Creamy Vegan Sun-Dried Tomato Pasta is a delightful dish that captures the essence of creamy flavor while keeping it plant-based. It takes just about 30 minutes to prepare, and the combination of blended cashews and sun-dried tomatoes yields a luscious sauce that coats the pasta perfectly. This recipe is an ideal solution for those seeking comfort food that doesn’t compromise on health.
This dish is perfect for anyone craving a satisfying, creamy pasta meal without dairy. Whether you’re hosting a gathering or simply enjoying a quiet dinner at home, it’s easy to prepare ahead of time. The pasta can be stored in the refrigerator, making it a convenient option for meal prep.
Why You’ll Love This Recipe
- The creamy texture from blended cashews brings richness without dairy.
- Sun-dried tomatoes provide a burst of flavor that elevates the dish.
- Quick cooking time means you’ll have a delicious meal ready in no time.
- It’s a versatile recipe that can easily be customized with your favorite pasta.
What You’ll Need
Gather these ingredients for a flavorful meal.
For the Pasta
- pasta of choice, cooked according to package instructions
For the Sauce
- 1 cup cashews, soaked in water for at least 2 hours and drained
- 1 cup sun-dried tomatoes, packed in oil
- 3 cloves garlic, minced
- 1/4 cup nutritional yeast
- 2 tbsp olive oil
- 1 tsp salt
- 1/2 tsp pepper
For Serving
- fresh basil, for garnish
- vegan parmesan, for garnish
- red pepper flakes, for garnish
Substitutions: Use any preferred pasta shape or adjust cashews for a nut-free version.
Substitutions & Swaps
- Swap cashews for silken tofu for a nut-free creaminess.
- Use any pasta variety, including gluten-free options.
- Replace sun-dried tomatoes with roasted red peppers for a different flavor.
- Substitute nutritional yeast with lemon juice for tanginess.
How to Make It
Creating this creamy vegan pasta is straightforward and rewarding.
Soak
Soak cashews in water for at least 2 hours, then drain. This step is crucial for achieving a smooth, creamy texture.
Cook
Cook the pasta according to package instructions. Ensure the pasta is al dente for the best texture.
Blend
In a blender, combine soaked cashews, sun-dried tomatoes, garlic, nutritional yeast, olive oil, salt, and pepper. Blend until smooth and creamy, adjusting seasoning to taste.
Heat
In a pan, heat the sauce over low-medium heat until warm. Stir occasionally to prevent sticking and ensure even heating.
Toss
Toss the cooked pasta with the creamy sauce until well-coated. This allows the flavors to marry beautifully.
Serve
Serve garnished with fresh basil, vegan parmesan, and red pepper flakes for an extra kick of flavor.
How to Store It
Fridge: Store in an airtight container for up to 4 days.

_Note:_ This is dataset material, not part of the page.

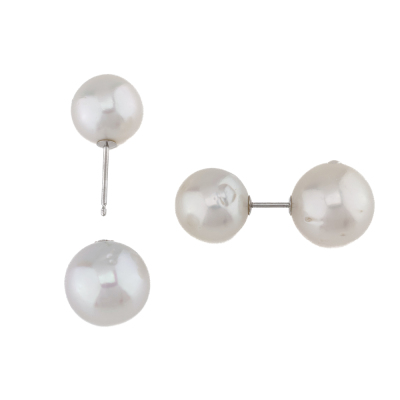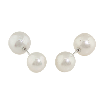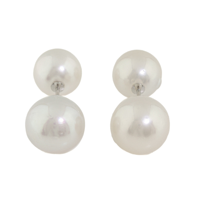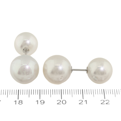 Front-back Pearl earrings with 2 front South Sea Pearls of 12mm & 12.2mm and 2 South Sea Pearls of 13.8mm as earring backs. Platinum - 900. Weight: 13.1g.

Freezer: Yes, but sauce may separate upon thawing.
Reheat: Warm on the stovetop over low heat for 5-7 minutes, stirring frequently.
Tips for Best Results
- Ensure cashews are soaked long enough for optimal creaminess.
- Adjust the amount of garlic based on your preference for stronger flavor.
- For more depth, consider adding a splash of lemon juice to the sauce.
- Always taste and adjust seasonings before serving to enhance flavors.
Serving Suggestions
- Pair with a crisp side salad for a fresh contrast.
- Serve as a main dish at vegan dinner parties.
- Enjoy it with a glass of white wine for a comforting dinner.